D’événements meurtriers se succèdent de plus en plus depuis la tenue des élections contestées par l’opposition dont la victoire du président Pierre Nkurunziza pour un troisième jugée contre la Constitution et l’accord de paix d’Arusha cristalise les craintes.
Dimanche, le général Adolphe Nshimirimana, homme fort de l'appareil sécuritaire burundais et très proche du président Pierre Nkurunziza, a été tué à Bujumbura dans une attaque à la roquette. Lundi, c'est une figure de la défense des droits de l'Homme, le célèbre activiste Pierre-Claver Mbonimpa, qui a été blessé dans une tentative d'assassinat.
"Après les manifestations, les échanges de violences entre les deux camps, maintenant on assassine les chefs", constate M. Vircoulon.

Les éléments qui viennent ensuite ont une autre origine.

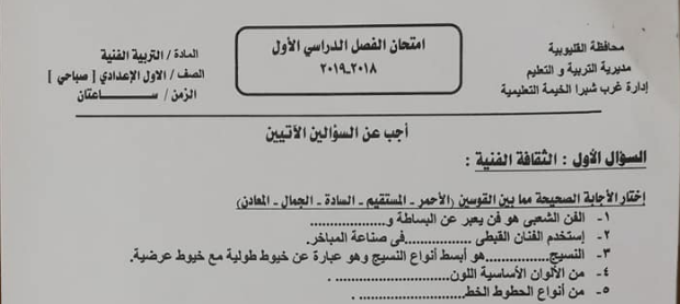 امتحان التربية الفنية للصف الاول الاعدادي نصف العام 2018 ادارة غرب شبرا القليوبية
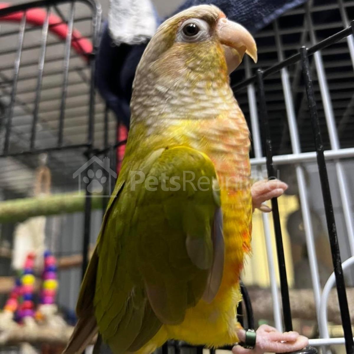 Green/turquoise Green-cheeked Conure parrot
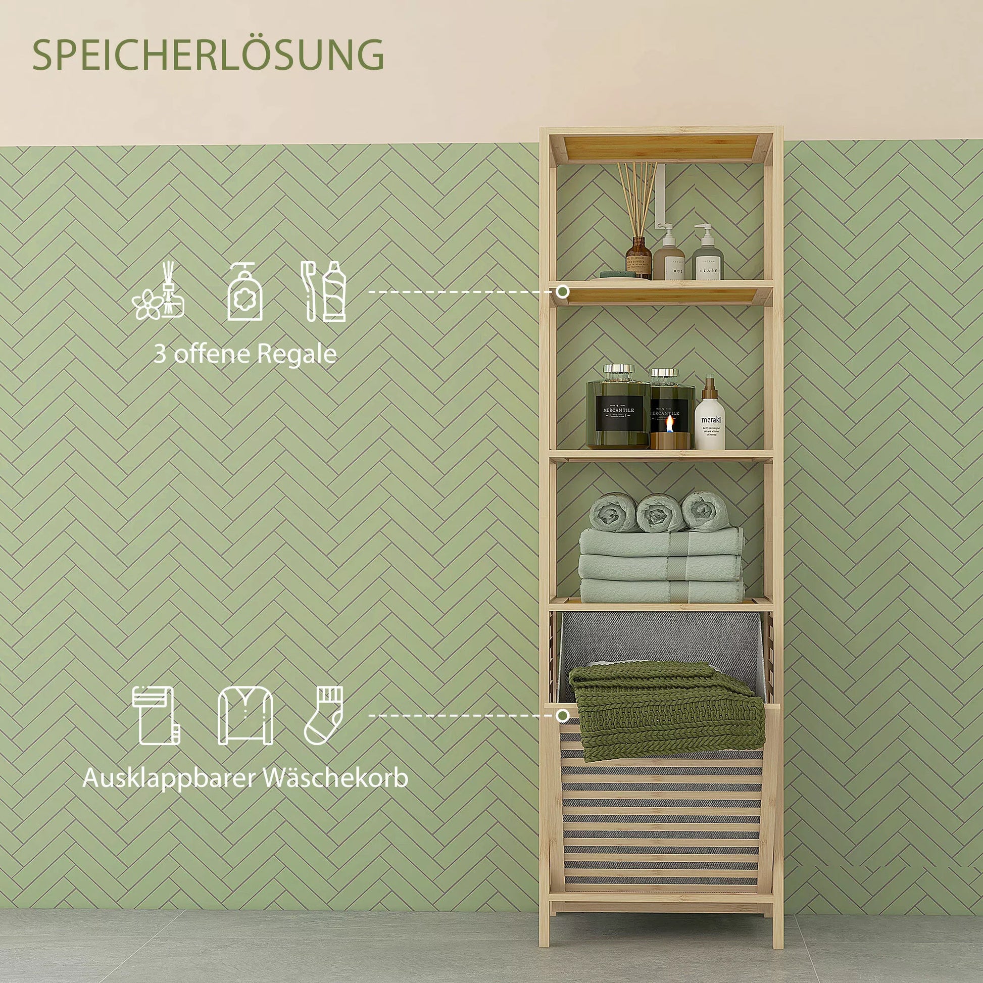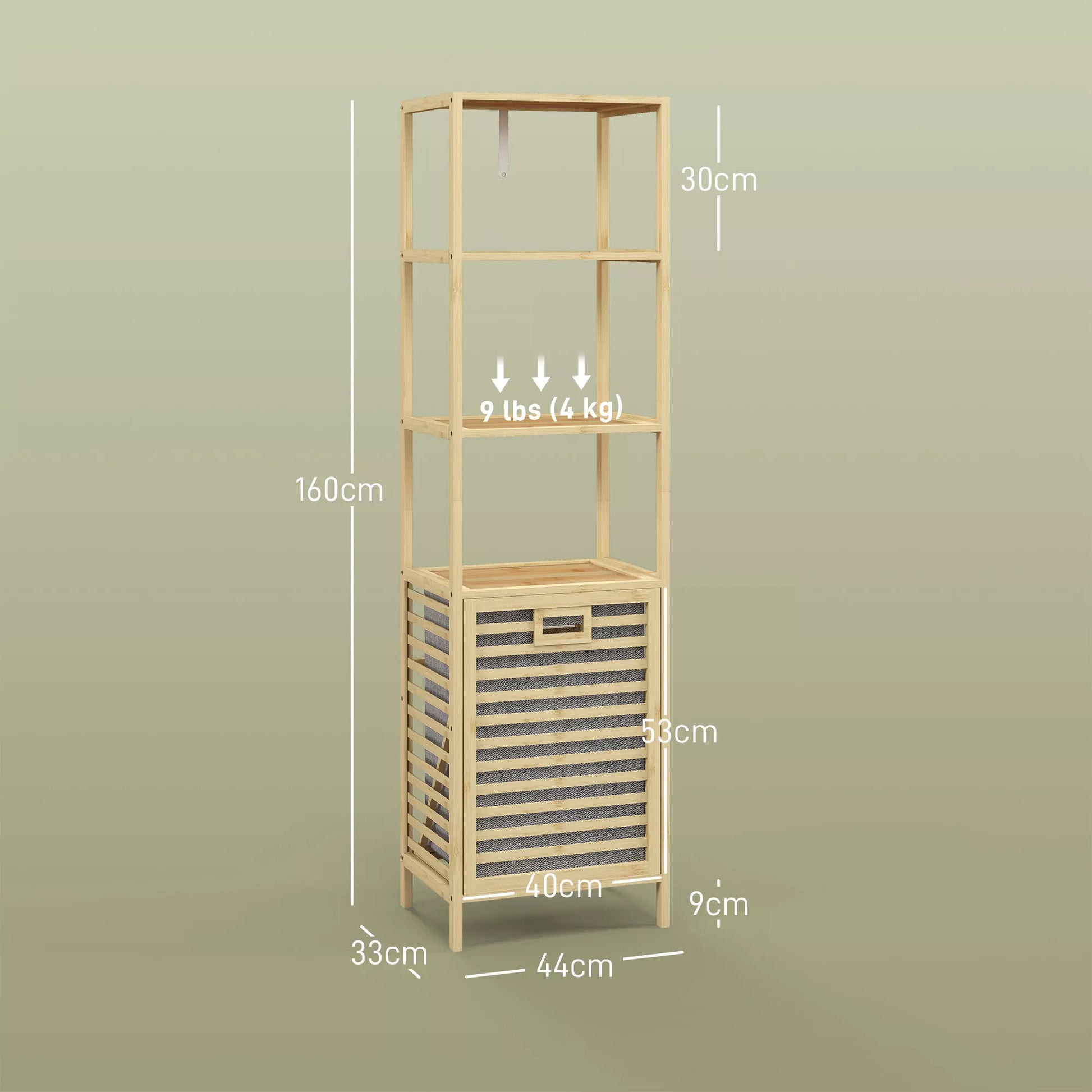 Vonios lentyna su skalbinių surinktuvu, 3 lentynos, bambuko rėmas, 44x33x160cm, natūrali
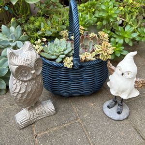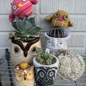 フクロウ祭🦉 幸せを呼ぶフクロウ祭り🦉 みんなでハロウィン🎃 ハロウィン月間👻参加しまーす😁 ①寄せ植えとフクロウ🦉 ②ソクフクロウ、コウモリ、ソクニャン…色々並べてみました 一応🧦サボテンもありますよぉ〜🌵 ③今季7回目の花を咲かせようとしてるミギウルティヌス

"D'un côté, le message envoyé avec la mort d'Adolphe Nshimirimana est de dire que la prochaine étape peut être le président Nkurunziza. Cela donne l'idée que la stratégie est de cibler la tête du pouvoir", analyse-t-il. "Il est clair également que ce qui est arrivé à Pierre-Claver Mbonimpa est une réplique à l'assassinat du général Nshimirimana", a-t-il estimé.

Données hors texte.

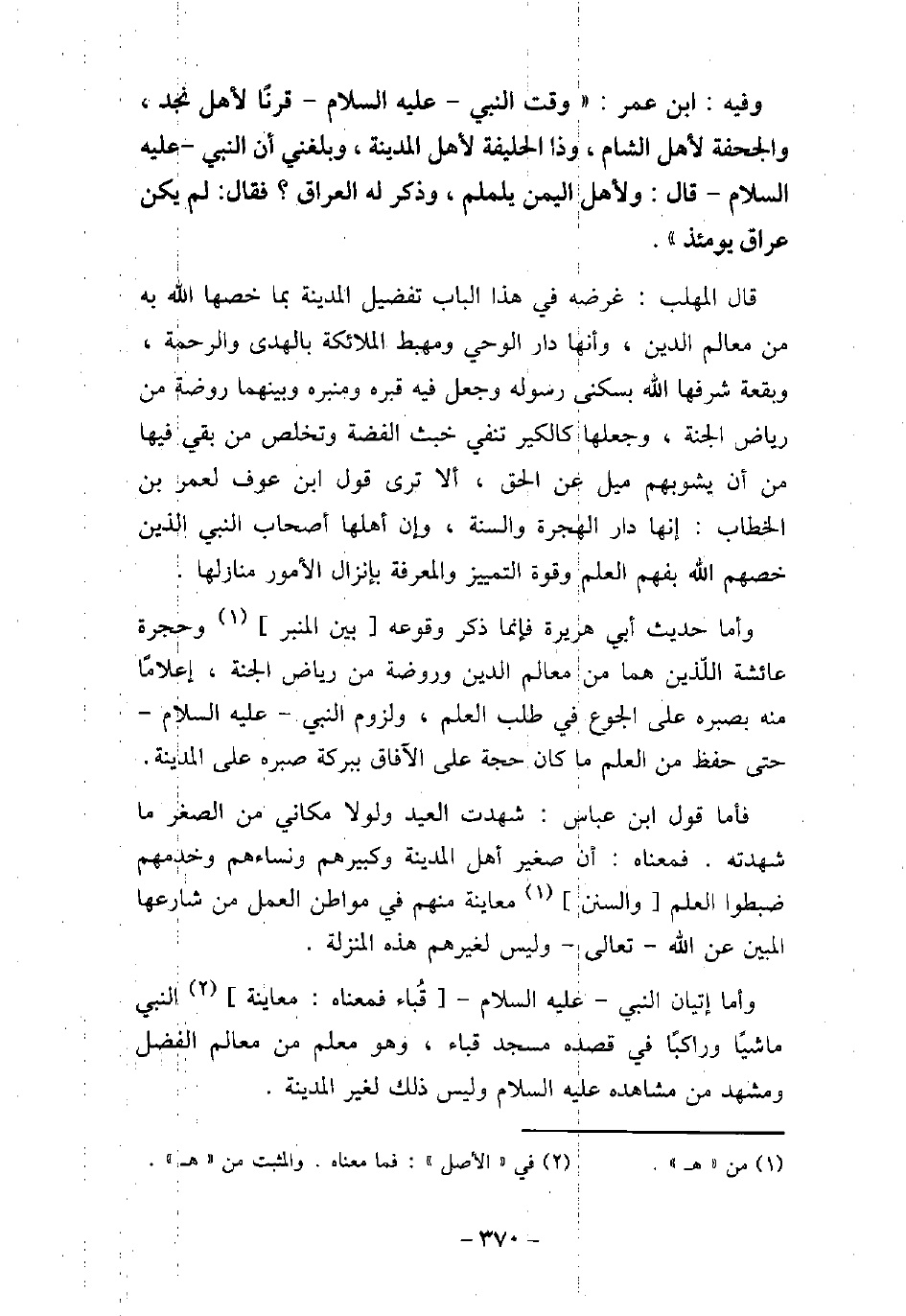 / 70 - وفيه: ابْن عُمَرَ، وَقَّتَ النَّبِيُّ (صلى الله عليه وسلم) قَرْنًا لأهْلِ نَجْدٍ، وَالْجُحْفَةَ لأهْلِ الشَّأْمِ، وَذَا الْحُلَيْفَةِ لأهْلِ الْمَدِينَةِ، وَبَلَغَنِي أَنَّ النَّبِيَّ (صلى الله عليه وسلم) قَالَ: (وَلأهْلِ الْيَمَنِ يَلَمْلَمُ، وَذُكِرَ له الْعِرَاقُ؟ فَقَالَ: (لَمْ يَكُنْ عِرَاقٌ يَوْمَئِذٍ) . قال المهلب: غرضه فى هذا الباب تفضيل المدينة بما خصها الله به من معالم الدين، وأنها دار الوحى ومهبط الملائكة بالهدى والرحمة، وبقعة شرفها الله بسكنى رسوله وجعل فيه قبره ومنبره وبينهما روضة من رياض الجنة، وجعلها كالكير تنفى خبث الفضة وتخلص من بقى فيها من أن يشوبهم ميل عن الحق، ألا ترى قول ابن عوف لعمر بن الخطاب: إنها دار الهجرة والسنة، وإن أهلها أصحاب النبى الذين خصهم الله بفهم العلم وقوة التمييز والمعرفة بإنزال الأمور منازلها. وأما حديث أبى هريرة فإنما ذكر وقوعه بين المنبر وحجرة عائشة الذّين هما من معالم الدين وروضة من رياض الجنة، إعلامًا منه بصبره على الجوع فى طلب العلم، ولزوم النبى (صلى الله عليه وسلم) حتى حفظ من العلم ما كان حجة على الآفاق ببركة صبره على المدينة. فأما قول ابن عباس: شهدت العيد ولولا مكانى من الصغر ما شهدته. فمعناه: أن صغير أهل المدينة وكبيرهم ونسائهم وخدمهم ضبطوا العلم والسنن معاينة منهم فى مواطن العمل من شارعها المبين عن الله تعالى وليس لغيرهم هذه المنزلة. وأما إتيان النبى (صلى الله عليه وسلم) قُباء فمعناه: معاينة النبى ماشيًا وراكبًا فى قصده مسجد قباء، وهو معلم من معالم الفضل ومشهد من مشاهده (صلى الله عليه وسلم) وليس ذلك لغير المدينة.

Le Burundi traverse une grave crise politique depuis fin avril, début d'un mouvement de contestation contre un troisième mandat présidentiel. Malgré des violences qui ont fait une centaine de morts et un coup d'Etat avorté mi-mai, le président Nkurunziza (au pouvoir depuis 2005) a été officiellement réélu fin juillet, lors d'un scrutin contesté par l'opposition, la société civile et une grande partie de la communauté internationale.
La mort du général Nshimirimana, ancien compagnon d'armes de Nkurunziza au sein de la rébellion hutue pendant la guerre civile qui a ensanglanté le pays de 1993 à 2006, a constitué un choc pour le camp présidentiel et fait craindre une vengeance à grande échelle contre les opposants au régime, de la part notamment de la ligue de jeunesse du parti au pouvoir CNDD-FDD, considérée par l'ONU comme une milice.

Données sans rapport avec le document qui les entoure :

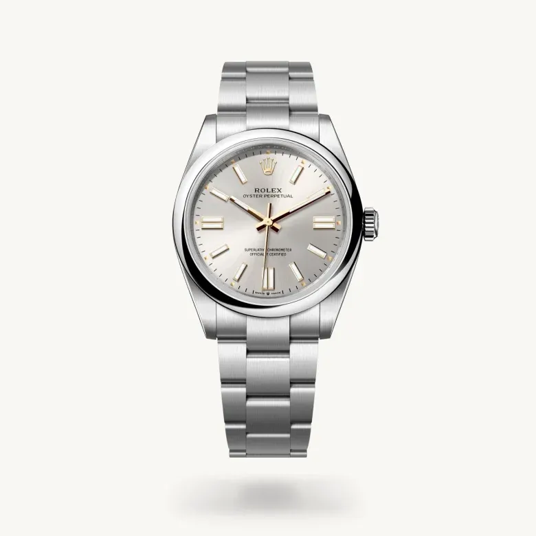 Entdecken Sie das Modell Rolex Oyster Perpetual 41 mit einem Durchmesser von 41 mm in Edelstahl Oystersteel bei Juwelier Gadebusch, einem offiziellen Rolex Fachhändler, der zum Verkauf und zur Wartung von Rolex Armbanduhren berechtigt ist.
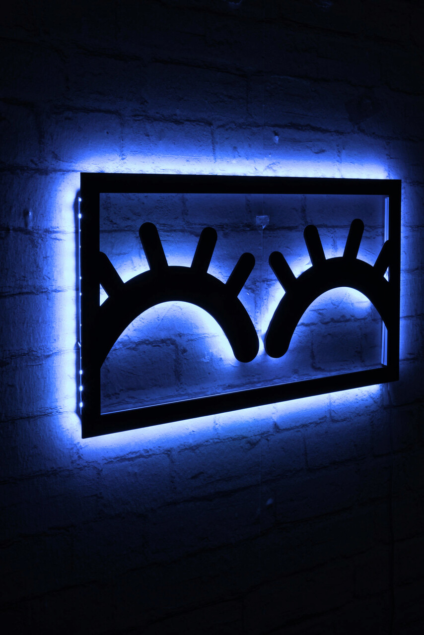 Decoratiune luminoasa LED, Sleepy Eyes, MDF, 60 LED-uri, Albastru
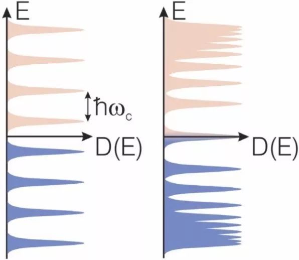 图2. 二维电子气中的朗道能级(左),是整数化的;狄拉克锥中的朗道能级(右),是半整数化的。摘自文献[2]。
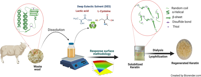 Keywords: Deep eutectic solvent; Green keratin extraction; Optimization; Surface response methods; Waste valorization

Dans un discours à la nation dimanche soir, le président Nkurunziza a cependant appelé à la retenue. "Restez unis et évitez le piège de la vengeance", avait-t-il déclaré.
"Ce régime a deux visages", a commenté M. Vircoulon: "en tout cas, le président peut maintenant difficilement soutenir que le pays est calme et en paix, comme il faisait jusqu'à présent".
Le responsable d'ICG a par ailleurs appelé "à une réaction internationale urgente et à la hauteur du problème".
Depuis la réélection de M. Nkurunziza fin juillet, "la médiation internationale a quasiment disparu, laissant grandes ouvertes les portes à la violence. "La médiation ne joue plus son rôle, il faudrait que cette médiation soit relancée au plus vite", a plaidé M. Vircoulon.